Мы выходили на крыльцо, глядели на весенние созвездия Геркулеса, Льва и Гидры, Короны и Чаши, на Арктур, на Вегу в Лире.
Однажды утром мы увидели двух больших гагар в гордом черно-белом оперении, они ныряли и негромко перекликались, пересвистывались на мягкой, чистой ноте; в тот же день на тропе у родника пробились из земли первые яркие листья ариземы.
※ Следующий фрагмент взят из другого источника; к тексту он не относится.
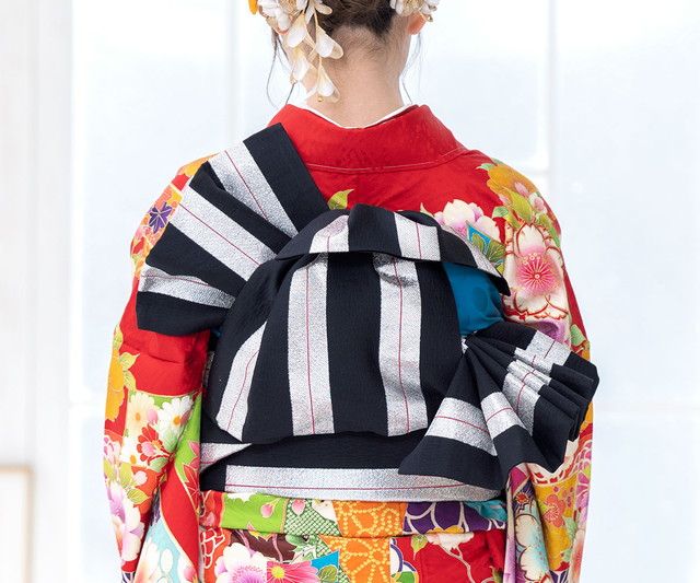 六通柄の袋帯は西陣織『西陣志美津』謹製で、輝く銀色糸を織り込んだ縞の意匠です。

А вечером мы говорили об этом и вдруг замолчали, пораженные видением устрашающей красоты: в темном небе, на северо-востоке, в круглой рамке обозначились мачты горящего парусника – объятые огнем салинги парусника на рейде, без парусов: одни лишь мачты, пламенеющие реи – целый огненный Беркенхедский рейд горящих «Герцогинь Цецилий»; или же пожар в старом боденском порту, выхваченный из парусного прошлого и в уменьшенном виде вознесенный в поднебесье: вон, у правого края рамки, поворачиваются черные обугленные реи, и вот уж осталась одна серебряная мачта, пецельно-серая, со своими голыми клонящимися реями – словно крест о частых косых поперечинах, – отвесно секущая круг, уходящая за кадр вниз, а сам круг, червонно-золотой, скользит ввысь; мы засмеялись от радости – ведь это же полная луна всходила над соснами из-за гор, и нередко она так восходит, но кто глядит на это диво? Кому дано его видеть? Неужели кому-то еще? Мне самому – впервые. За что оно даровано нам? И не раз потом приходилось мне спрашивать: Господи, за что нам это благо?
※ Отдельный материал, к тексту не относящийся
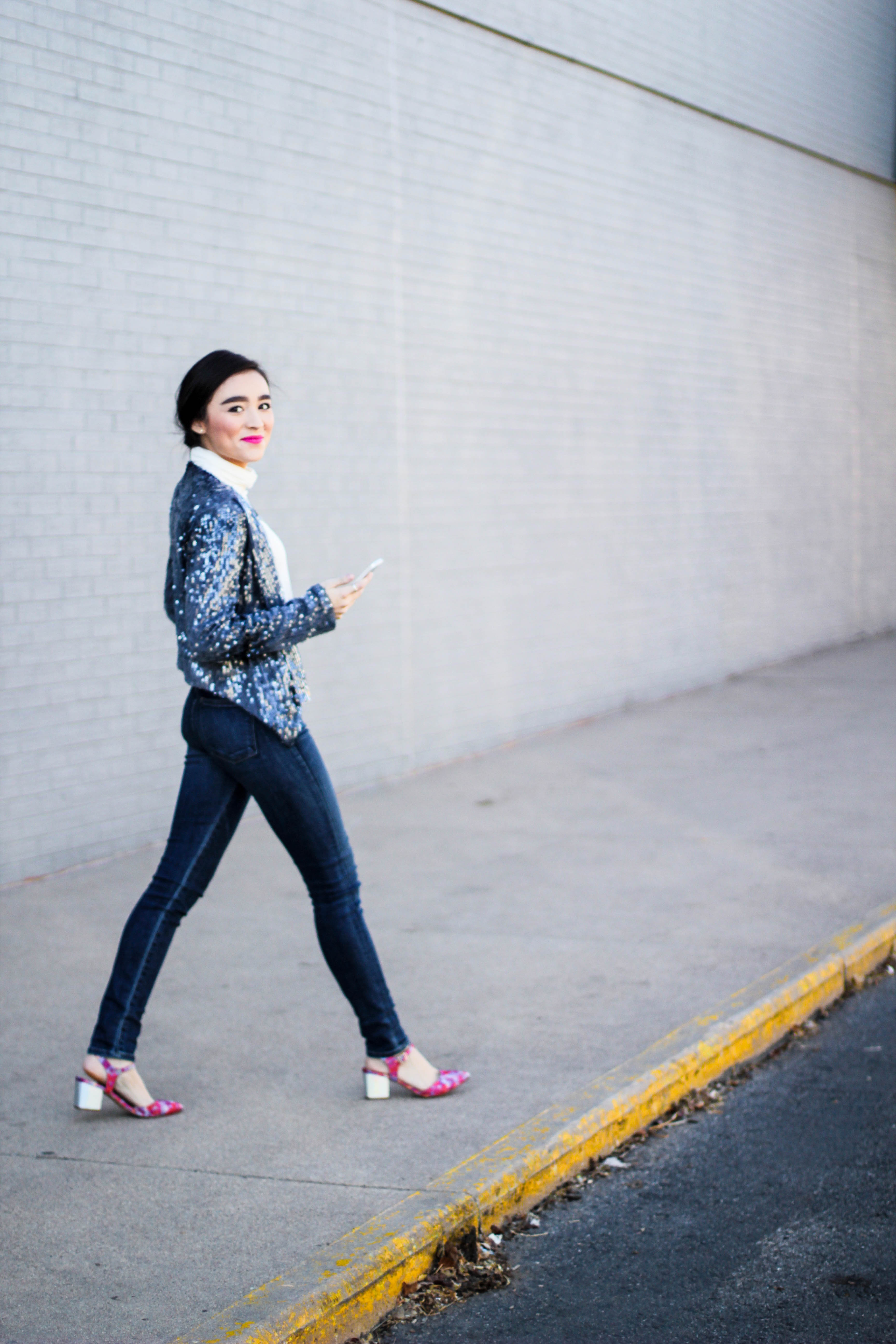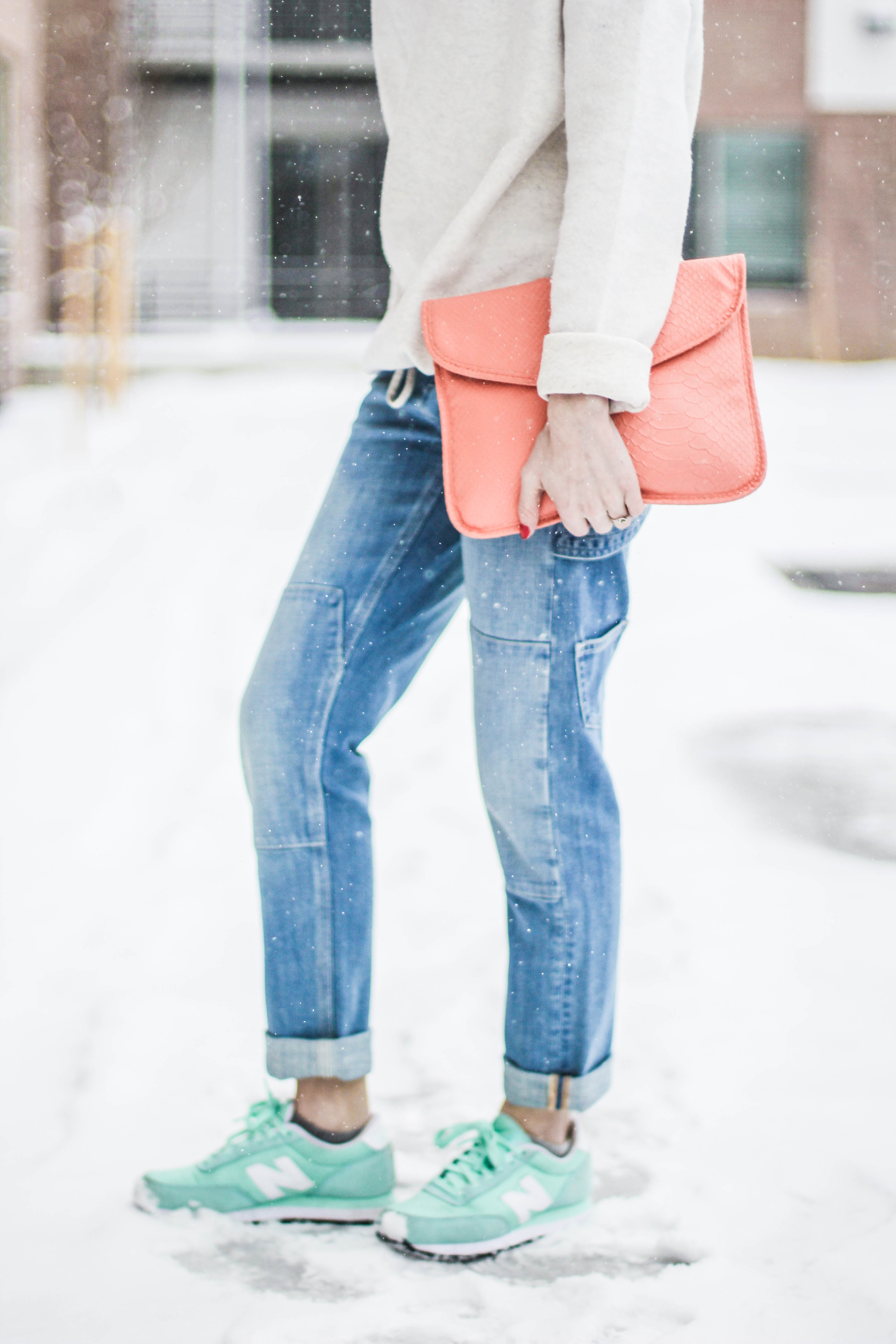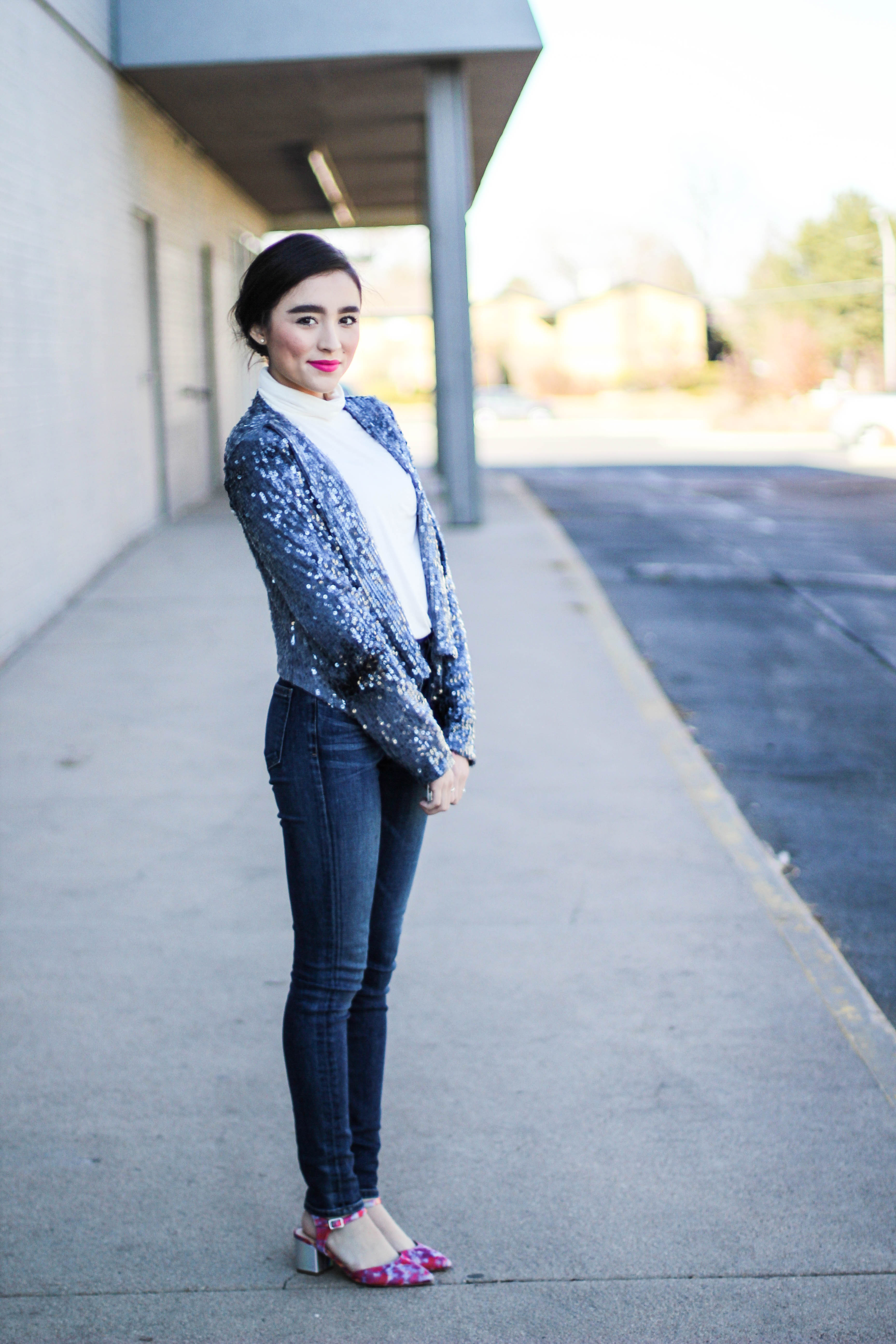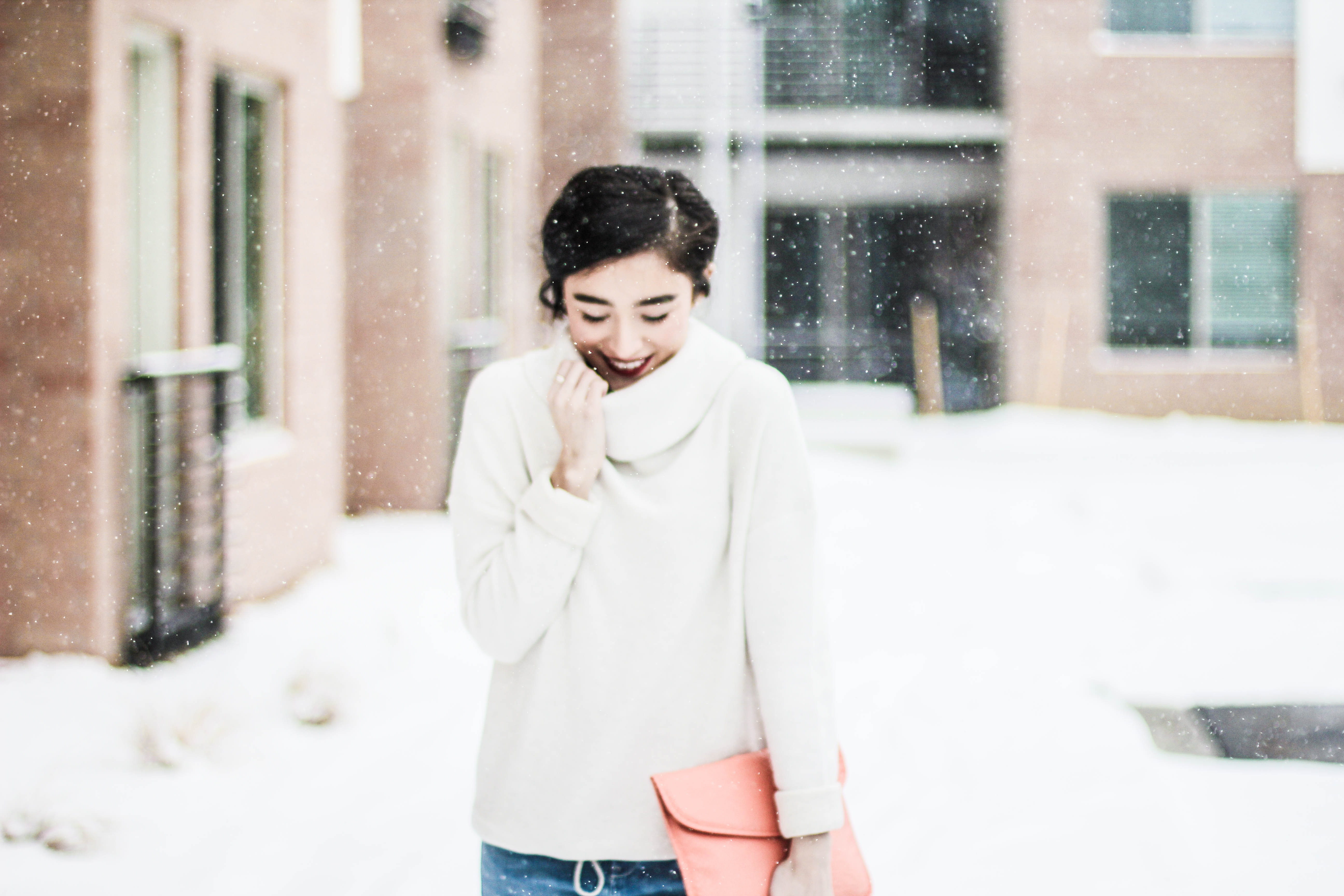 If you thought this post had anything to do with the movie “50 Shades of Grey” you can go ahead and click the x at the top right of your screen and get the heck out of here because no sir, no thank you. I will not be “submitted” into that kind of behavior. (Ha. I’m so clever.) No chains or whips could hold me back from wearing an all denim outfit. I’m having so much pun. Okay, I’ll stop. Back to the outfit: I wear denim on denim time and time again because I don’t think this trend ever goes of style. I didn’t want to go overboard on denim today so I threw on my all time favorite sweater to mute out the bursts of blue that’s happening in these shots. The beauty of an all denim look is that you don’t have to stress one bit about what color of lipstick to wear. You could wear a bright yellow lipstick and it would still look good. I chose red because I’m on a red lip kick right now. Keeping it classic is always a good, safe choice. I kept this look casual with converse shoes but had to fancy-it-up a little with a touch of gold aka my purse soulmate.

Луна, клонясь к ущербу, восходила все южнее и южнее, солнечные же восходы перемещались все северней по горизонту. Впервые я узнал об этой простой и странной истине, и тоже от жены, на следующее утро, когда в небе явилось мне зрелище, какое могло бы открыться на заре глазам матроса, спасающегося на обломке мачты, – парусник, не горящий, а намертво заштилевший, недвижный, точно из «Старого моряка». Море за окном было очень тихое, вставало в тумане круто, как стена. Над нами, на высоте в пол-окна, маячил причал Белла, а гораздо ниже – отделенное не морем и не отражением гор, а самим, казалось, отвлеченным пространством, – немного погодя стало восходить оранжевое солнце, выбираться из-за гневных облачных полос. В диске солнца стоял бортом парусный корабль, трехмачтовый, уныло застывший, с косыми реями. Через минуту – поворот, и теперь на нас глядела одна лишь гигантски-высокая мачта, с наклонным гиком, и превращалась в самую высокую на кряже сосну, меж тем как солнце уходило выше. И я вспомнил своего деда-капитана, как в Индийском океане его парусник заштилел, команда умирала от холеры, и дед по радио (тогда им только начинали пользоваться) отдал приказ подплывающей канонерке пустить судно ко дну вместе с ним.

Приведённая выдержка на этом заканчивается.